[Stored items from a collection]
════════════════

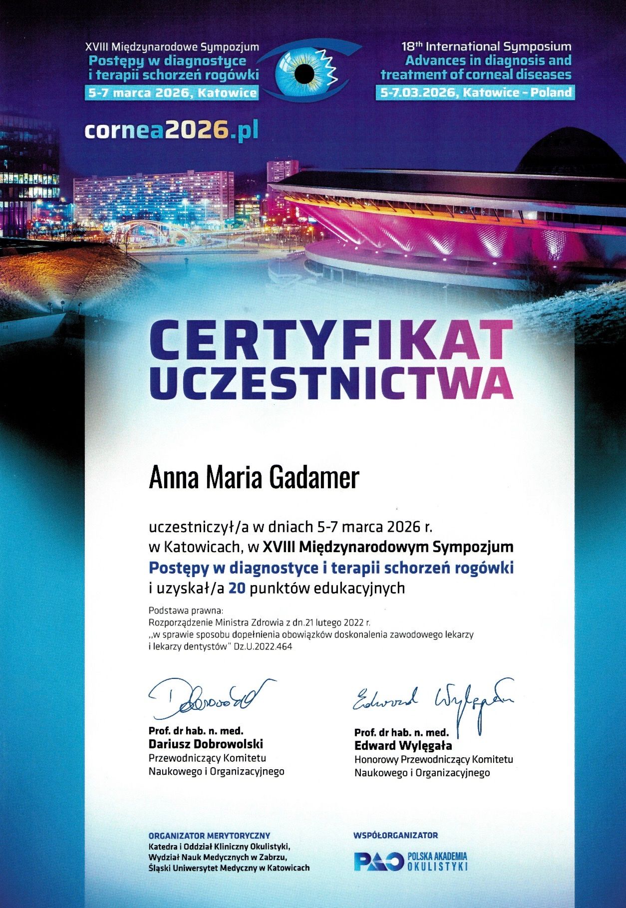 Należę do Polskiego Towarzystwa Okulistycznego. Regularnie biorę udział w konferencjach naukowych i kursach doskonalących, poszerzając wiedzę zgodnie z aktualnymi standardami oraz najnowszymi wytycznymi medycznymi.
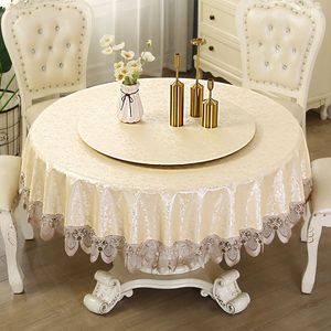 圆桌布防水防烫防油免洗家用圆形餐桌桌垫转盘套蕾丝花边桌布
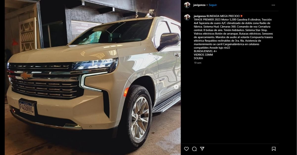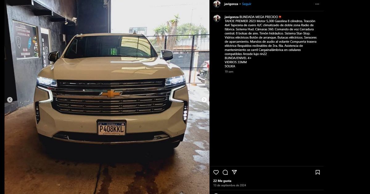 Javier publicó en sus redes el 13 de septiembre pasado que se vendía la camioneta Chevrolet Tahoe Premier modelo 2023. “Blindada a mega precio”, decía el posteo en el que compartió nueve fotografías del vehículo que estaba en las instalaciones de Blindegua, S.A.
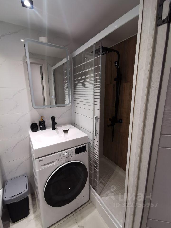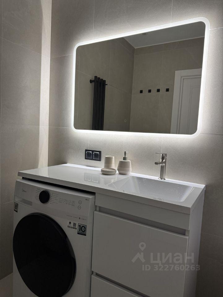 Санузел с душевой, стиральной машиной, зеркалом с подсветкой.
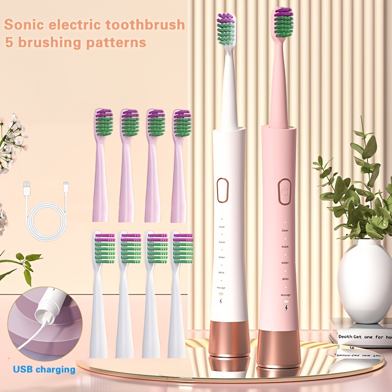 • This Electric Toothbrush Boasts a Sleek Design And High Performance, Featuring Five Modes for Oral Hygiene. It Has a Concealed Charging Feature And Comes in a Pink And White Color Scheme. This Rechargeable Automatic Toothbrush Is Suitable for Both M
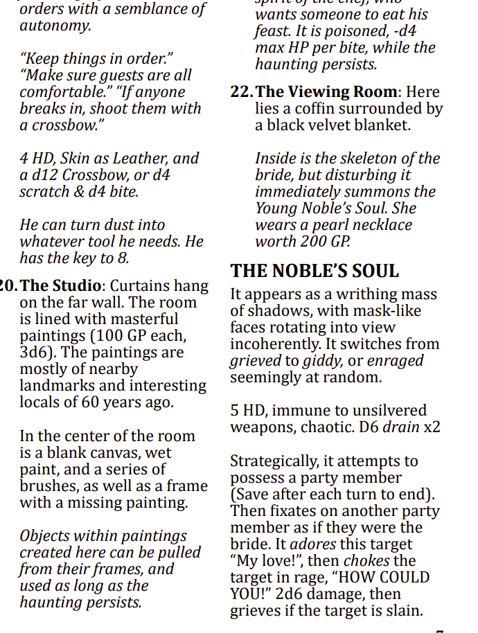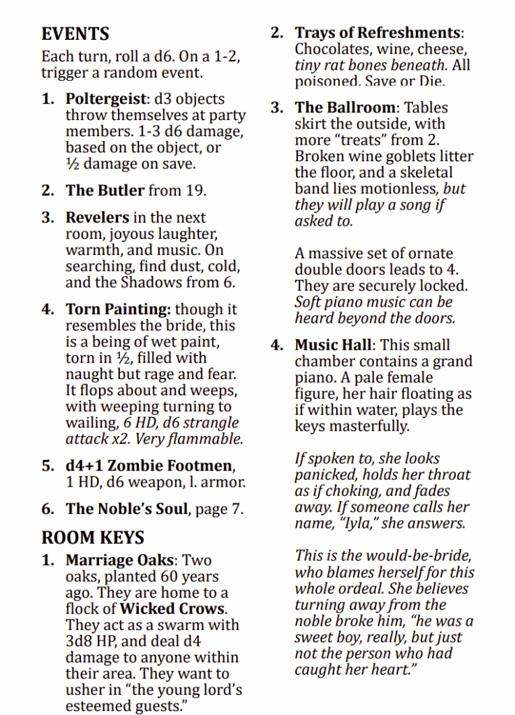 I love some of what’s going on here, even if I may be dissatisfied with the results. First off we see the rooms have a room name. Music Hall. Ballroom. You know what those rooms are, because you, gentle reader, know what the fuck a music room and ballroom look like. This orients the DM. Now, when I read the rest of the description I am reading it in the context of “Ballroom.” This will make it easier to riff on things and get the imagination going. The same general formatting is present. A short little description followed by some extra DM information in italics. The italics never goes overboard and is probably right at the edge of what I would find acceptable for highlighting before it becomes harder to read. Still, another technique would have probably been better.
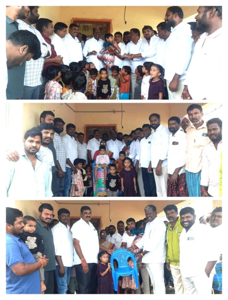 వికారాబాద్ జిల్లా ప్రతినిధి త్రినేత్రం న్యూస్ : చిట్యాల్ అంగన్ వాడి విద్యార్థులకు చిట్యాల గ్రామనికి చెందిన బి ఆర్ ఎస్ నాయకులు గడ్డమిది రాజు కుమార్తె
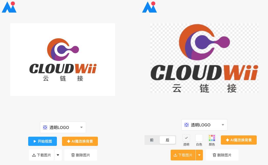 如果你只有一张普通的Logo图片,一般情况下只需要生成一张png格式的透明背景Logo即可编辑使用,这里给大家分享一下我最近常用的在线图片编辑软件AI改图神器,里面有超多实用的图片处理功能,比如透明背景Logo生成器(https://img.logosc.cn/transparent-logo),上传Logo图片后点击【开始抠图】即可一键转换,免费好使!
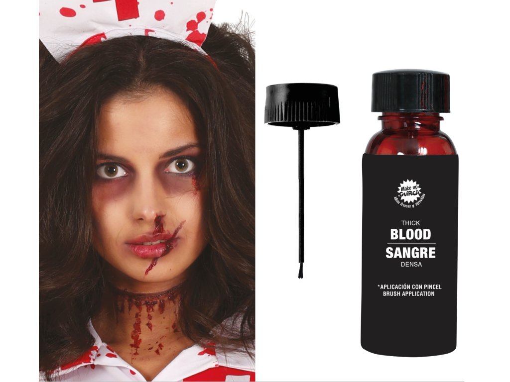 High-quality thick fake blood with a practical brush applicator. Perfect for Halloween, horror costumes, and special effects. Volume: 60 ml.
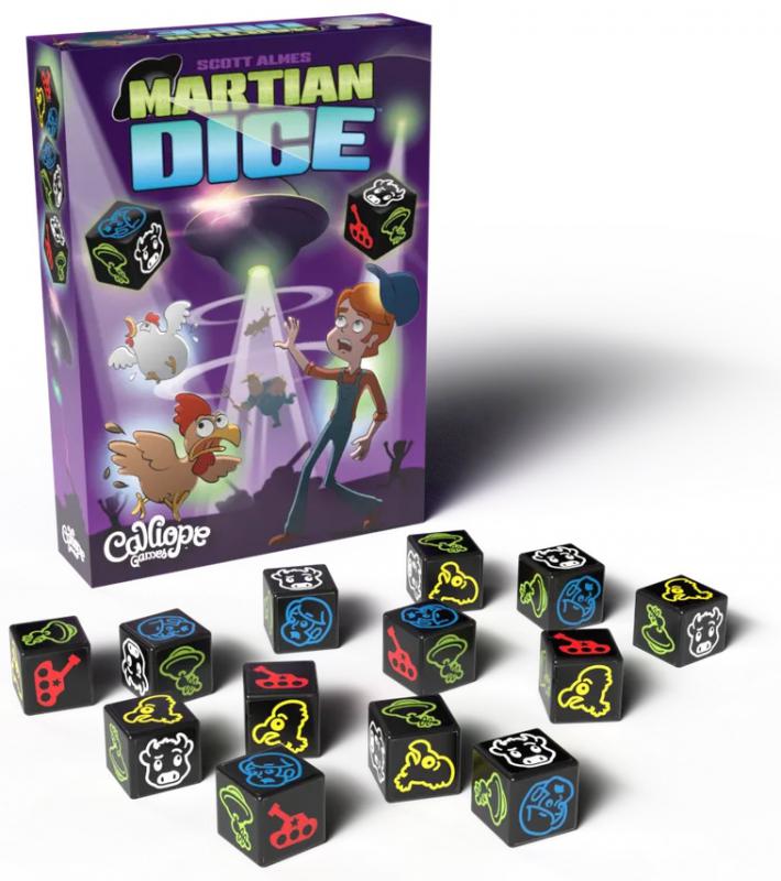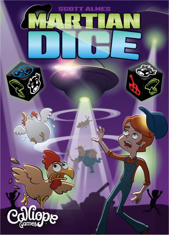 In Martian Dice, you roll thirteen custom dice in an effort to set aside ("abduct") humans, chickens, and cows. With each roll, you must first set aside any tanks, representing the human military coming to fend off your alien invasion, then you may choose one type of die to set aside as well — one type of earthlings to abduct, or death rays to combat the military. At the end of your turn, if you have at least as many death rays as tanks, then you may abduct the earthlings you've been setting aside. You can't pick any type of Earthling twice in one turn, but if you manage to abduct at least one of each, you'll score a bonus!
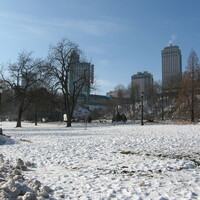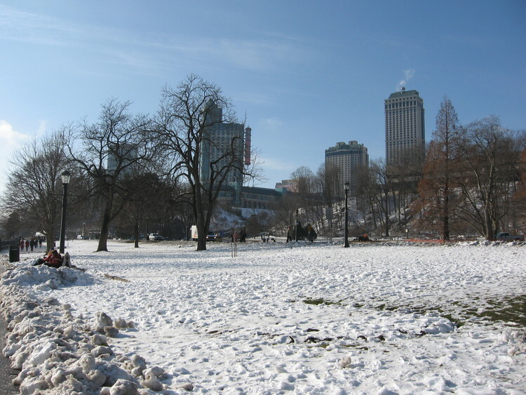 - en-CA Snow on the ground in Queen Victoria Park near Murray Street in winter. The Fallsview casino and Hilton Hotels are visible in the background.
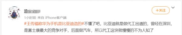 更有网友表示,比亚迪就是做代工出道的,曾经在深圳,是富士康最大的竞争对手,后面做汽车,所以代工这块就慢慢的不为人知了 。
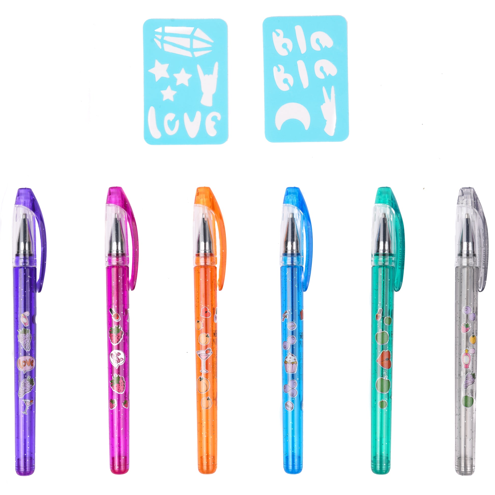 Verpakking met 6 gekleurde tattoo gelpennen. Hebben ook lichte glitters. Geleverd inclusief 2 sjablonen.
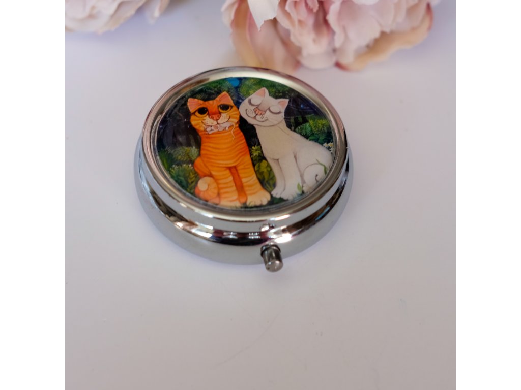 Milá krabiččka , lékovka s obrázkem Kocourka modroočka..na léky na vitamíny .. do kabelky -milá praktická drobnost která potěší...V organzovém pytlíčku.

════════════════

* **Task goal**: Copy the lines above exactly, starting with the line that contains "Санузел с душевой, стиральной" and ending with the line that contains "Suitable for Both M", and leave out any pictures.

* **Response to this task**:
 Санузел с душевой, стиральной машиной, зеркалом с подсветкой.
 • This Electric Toothbrush Boasts a Sleek Design And High Performance, Featuring Five Modes for Oral Hygiene. It Has a Concealed Charging Feature And Comes in a Pink And White Color Scheme. This Rechargeable Automatic Toothbrush Is Suitable for Both M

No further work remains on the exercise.